Jinn Pertem, dans un état proche de l’endormissement, ne remarqua pas que la lumière filtrait de nouveau par l’encadrement des portes. Quand il s’agissait de la vingtième fois que cela arrivait, à quoi bon ? Il se trouvait sur des tapis exposés à la grande rue, voilà tout, et son temps n’était pas encore arrivé. Le chronomètre numérique, en supplément dans l’enveloppe déjà bien garnie, indiquait T-10/57//28. Lorsqu’il avait quitté la prison, l’appareil marquait un T-15/49//37, ce qui lui apprit qu’il avait quitté la prison depuis cinq heures et qu’il lui restait onze heures de voyage jusqu’à son terminus en U-2478.

Plusieurs fois, son containeur avait cessé de progresser pour être saisi par des pinces mécaniques et ré-aiguillé. Jinn ne se souciait que de peu de ces changements. Il connaissait la ponctualité méticuleuse de la société gérante des voies de transit. Il arriverait à l’heure, à la seconde près. Pour ça, au moins, elle gagnait un point, mais pour ce qui était du confort de son réseau… De toute évidence, il n’avait jamais été pensé pour accueillir des êtres humains. Jinn en était arrivé à la conclusion que son moyen de transport faisait figure de parangon inversé en la matière, avec ses angles saillants, métalliques et glacés qui coopéraient à son pire inconfort. Il se tenait recroquevillé derrière les dernières caisses dans un espace qui ne devait guère excéder le mètre de profondeur. Malgré cela, cet aménagement ne devait pas être une norme et ce luxe ne lui permettait certainement pas de trouver une position plus confortable.

Meurtri et terrifié, Jinn se tenait où il le pouvait. Après cinq heures d'évasion, l’homme qui lui apportait son petit-déjeuner avait découvert une cellule vide. Des agents rigoureux et de mauvais poil fouillaient systématiquement le moindre containeur dans l’espoir de le découvrir car il s’agissait-là du seul moyen par lequel le prisonnier aurait pu s’échapper. Un travail titanesque dans la mesure où dans l’heure qui suivit sa fuite, on comptait déjà soixante-sept containeurs expédiés et l’administration ignorait à quel moment de la nuit Pertem s’était fait la malle. Heureusement pour lui on ne pouvait pas le détecter aussi facilement que dans le reste de la Cité. Le réseau de transit des marchandises ne possédait pas de capteur biométrique. À sa connaissance, il s’agissait même de l’unique endroit à en être dépourvu. Même plus bas, là où des boitiers disposés à la va-vite émettaient quand ils le souhaitaient, on parvenait à localiser un individu avec une précision de trois étages toutes les deux heures. Ce qui n’était pas si mal compte tenu des moyens techniques mis à disposition.

Par ailleurs, et Jinn avait du mal à se faire à cette idée, le pire était déjà passé. Son containeur avait été inspecté l’heure précédente et son cœur ne parvenait pas à retrouver un rythme honnête. L’homme en tenue civile était entré avec une attitude de propriétaire, avait soigneusement braqué sa lampe-torche sur les caisses avant de se mettre à les frapper une à une pour vérifier qu’aucune ne lui semblât vide (ou presque). Les chaussures cirées avaient crissé sur toute la surface du plancher pour s’arrêter à trente centimètres de sa cachette. Jinn avait cessé de respirer, on appela l’homme sur son talkie-walkie et il fit demi-tour.

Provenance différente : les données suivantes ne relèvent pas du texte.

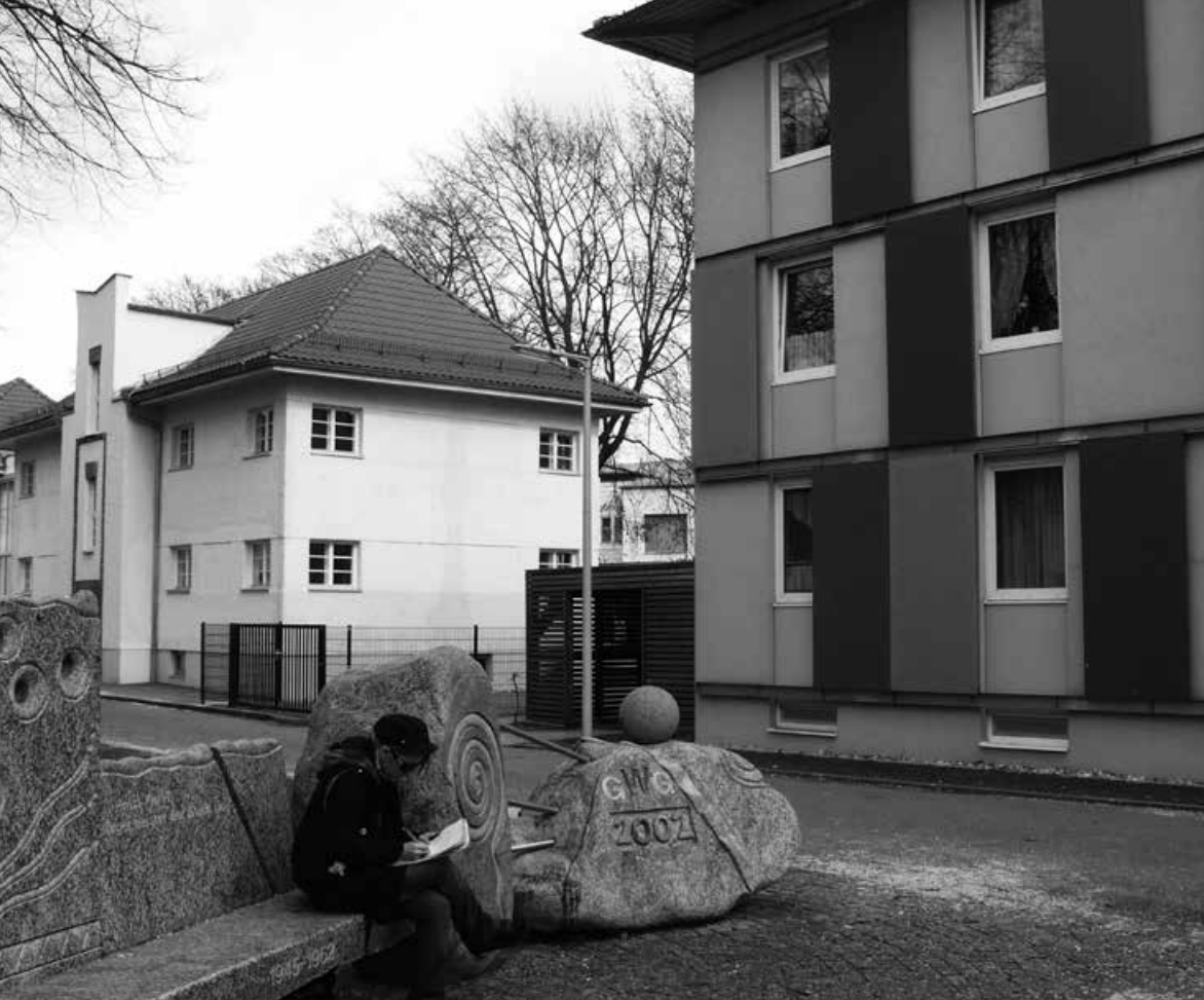
links ein renovierter Pionierbau des sozialen Wohnbaus aus der Vorkriegszeit, rechts ein Neubau der GWG in der Ernst-Koref-Siedlung im Franckviertel
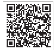
甲南山手駅前リニューアル
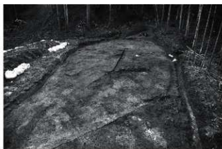
(7) V区全景 (北から)
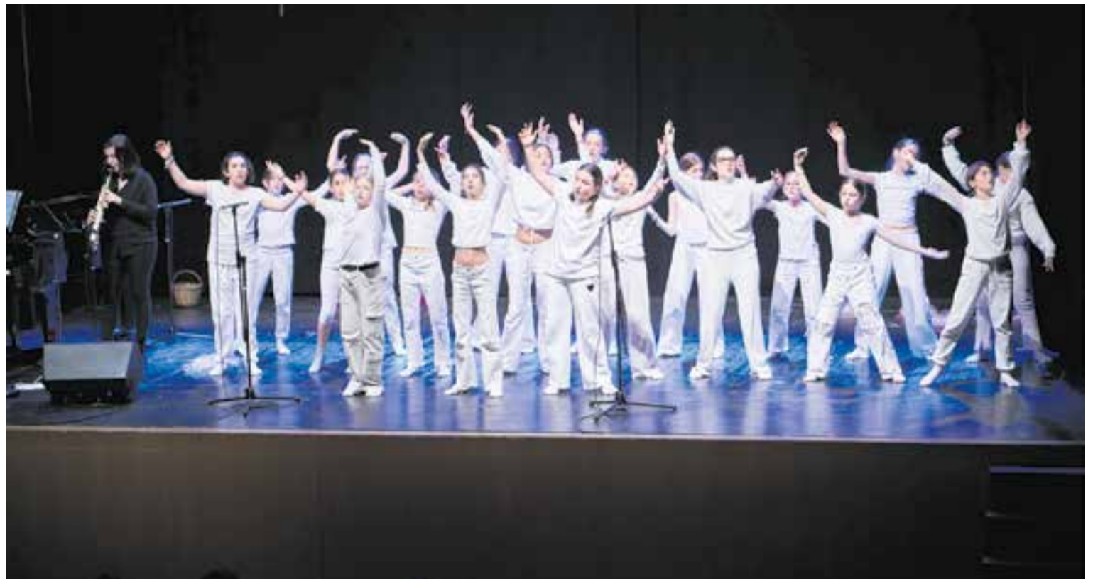
Moment del concert de primavera del Cor Sant Esteve a l'Auditori Municipal, titulat 'Les veus de la terra', amb la coreografia creada per Èlia Fort.

Unes cinc cantaires de la Coral Tic Tac també van interpretar dues peces po-
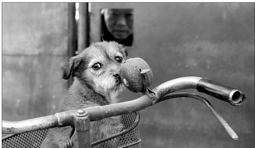
一只生病的狗狗被主人用自行车推到救助站。
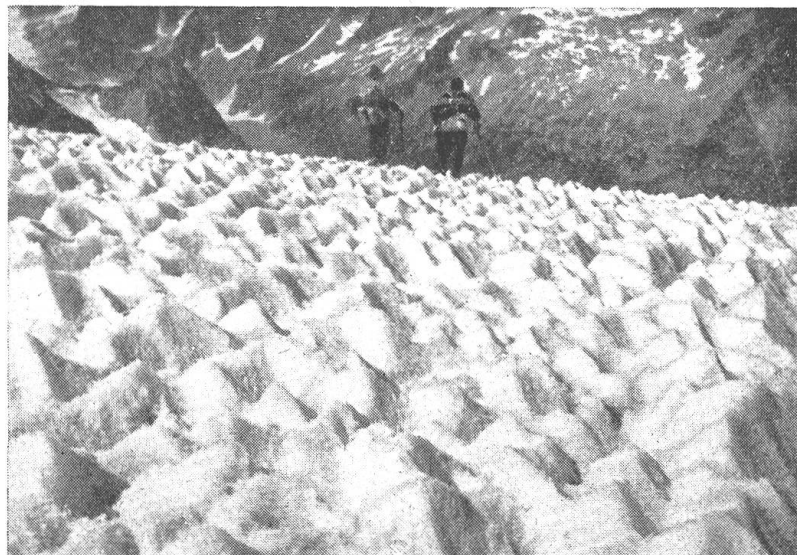
Abb. 3. Zuckerhutfirn, August 1935, am Passo Casnil (Bergell)

gone, vor. In den von den Rissen umgrenzten Bodenstücken hält die Kapillarkraft das Material zusammen.
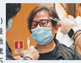
文：香港文匯報記者 鄭治祖、圖：香港文匯報記者

從事接待內地旅客的售貨員鄭小姐(圖)表示，早於黑暴期間已開工不足，加上最近新冠肺炎疫情影響，已失業3個月。她稱自己為家庭支柱，需要照顧年屆90歲的母親，過往也月入萬元，由於經濟不景，再找工作相當困難，申請基金希望暫時紓緩經濟壓力。
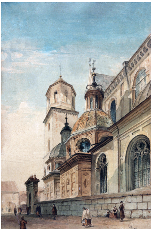
A. Gryglewski, Widok katedry na Wawelu od południa, ok. 1870 r., akwarela; w zbiorach Muzeum Historycznego Miasta Krakowa, nr inw. MHK 2604/III

obanta z 1859 roku, została wykonana przed pracami konserwatorskimi przeprowadzonymi na Wawelu przez Sławomira Odrzywolskiego w latach 1895–1905 49 . W oknach kaplic widoczne są maswerki wykonane w 1859 roku przez Edwarda Stehlika, które zostały usunięte podczas restauracji Odrzywolskiego, oraz na dalszym planie budynek wikarówki przed przebudową 50 .
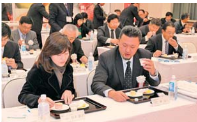
▲総会の中で、試食が行われ、上々の出来との評判でした

En tout état de cause, le containeur ne serait pas fouillé derechef, mais cela n’avait pas empêché Jinn de plonger dans la paranoïa. Il se retrouvait désormais enveloppé dans une bâche, assis sur son séant, et il y crevait de chaud. Au moins, se répétait-il inlassablement, si les gars me trouvent, ils penseront à rien d’autre qu’un tas de merde et ne pousseront pas plus loin leur investigation. Pas le temps. De toute façon, qui se risquerait à déranger la momie asséchée au fond du wagon ? Personne. Ma malédiction s’abattrait sur lui.

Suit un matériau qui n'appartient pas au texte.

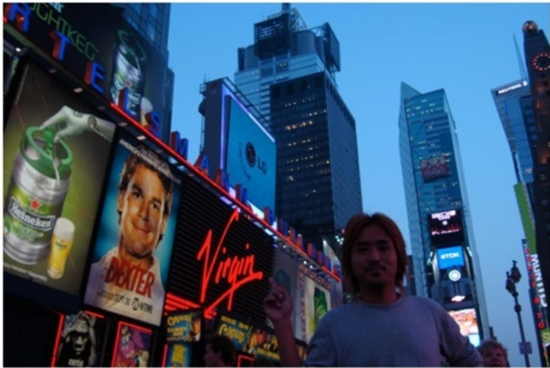
タイムズスクウェア。エンターテインメントの中心。
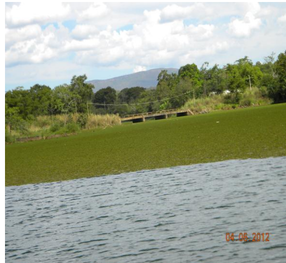
Macrófitas no Rio Bonito.

RO-11 - Uso e/ou Ocupação Irregular das Terras do Concessionário e de Áreas não Vinculadas à Concessão - para registrar a ocorrência em áreas remanescentes e Área de Preservação Permanente (APP), em imóveis do empreendimento ou em imóveis vinculados à UHE.
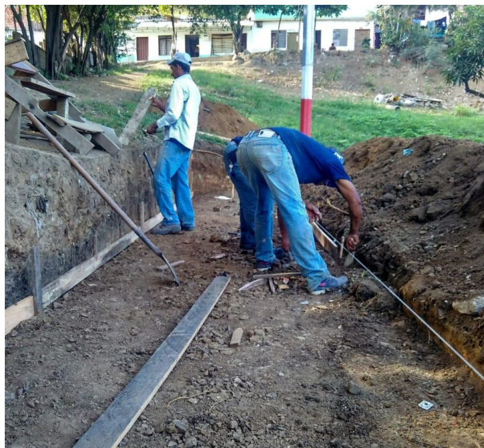
Fig. 5. Imágen que ilustra el proceso.

Cementos ARGOS donó 330 sacos de cemento y Ecodeck donó 32 m 2 de pavimento permeable. La Secretaría de Infraestructura municipal apoyó con la realización de actividades de limpieza y adecuación en el área de intervención, utilizando maquinaria para la adecuación, demolición y remoción de tierra.
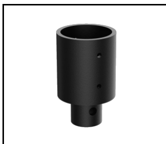
SKVER externer Adapter fi60 (804588)
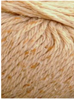
59 Vainilla Vanilla
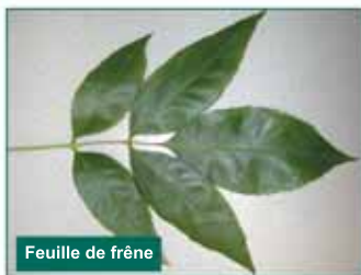
Feuille de frêne
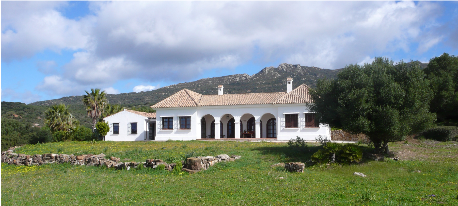
VILLA "LOS CÁRABOS" in Las Piñas
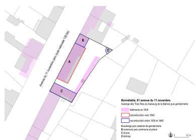
Plan chronologique. IVR52_20167200001NUDA
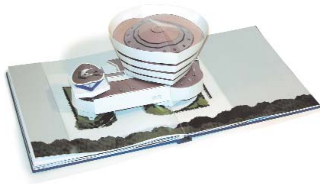
Frank Lloyd Wright in pop-up. I. Thomson. 2002

Per valorar justament aquesta màgica irrupció del teatre dins del llibre, cridem l'atenció del visitant en el sentit que totes aquestes arquitectures de paper retornen al seu format bidimensional un cop es tanca el llibre; i això és precisament el que els diferencia d'una maqueta o un petit teatre, i alhora els manté en la seva condició de llibres.
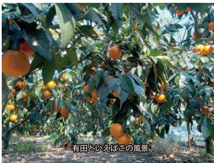
有田といえばこの風景

また、医療機関の疲弊が取りざたされていると知ったみなさんは「さっそくインスタグラムを利用し、コロナ対策で頑張っている医療従事者にみかんを使った製品を贈ろうと、医療従事者の家族でも申請できるように呼びかけました。」
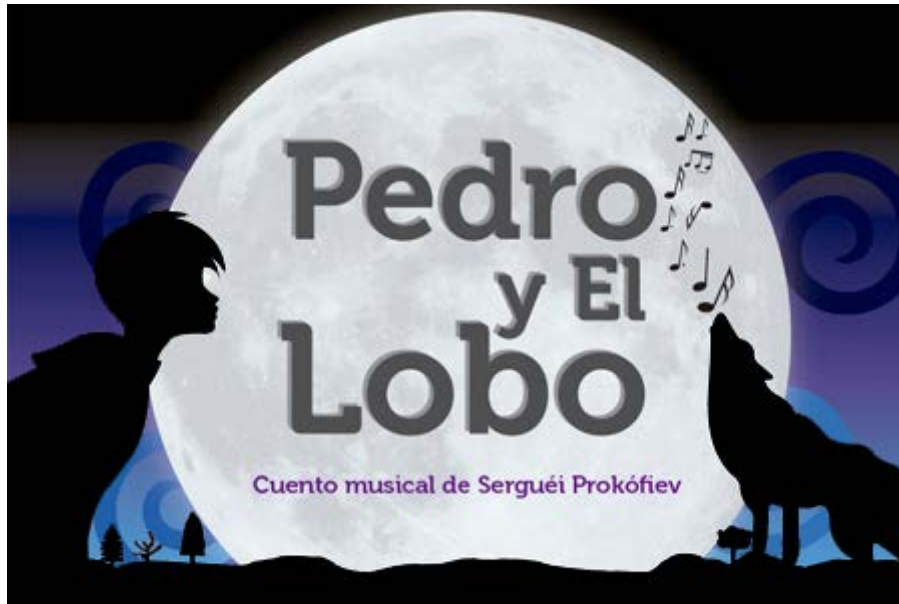
Figura 2. Portada del cuento Pedro y el lobo (Prokofiev, 1936).
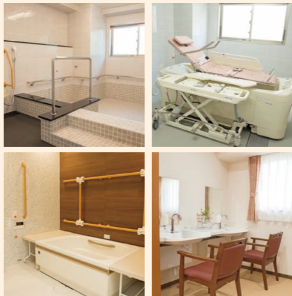
● 浴室 お身体の状態に合わせてご利用いただける様々な浴室をご用意しております。
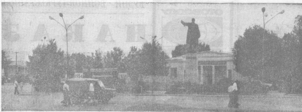
ПО ГОРОДАМ УЗБЕКИСТАНА. Площадь имени В. И. Ленина в Чирчике.

Участники совещания обменялись опытом работы, привели примеры сельского пропагандиста и агитатора, кроваго бойца идеологического фронта в дни уборочной страды личным примером, страстным партийным словом звать хлопкоуборочников на выполнение планов и обязательств.

En cet instant, il s’imagina rester éternellement sous sa bâche pour n’en ressortir que transformé. Mais il se trompait sur ce point. Un choc ébranla le containeur et il entendit distinctement le gros « MERDE » lancé de bien plus haut. Il s’extirpa aussitôt de la stupeur induite par son demi-sommeil, tenta de retrouver son souffle et y parvint. Il hésita à sortir de sa tombe pour voir ce qui se tramait dans le cimetière et se décida de faire un compromis. Il s’approcha de la porte du containeur, regardant par la minuscule fente laissée entre les portes barrées pour ne voir que la lueur rouge diabolique des tunnels techniques.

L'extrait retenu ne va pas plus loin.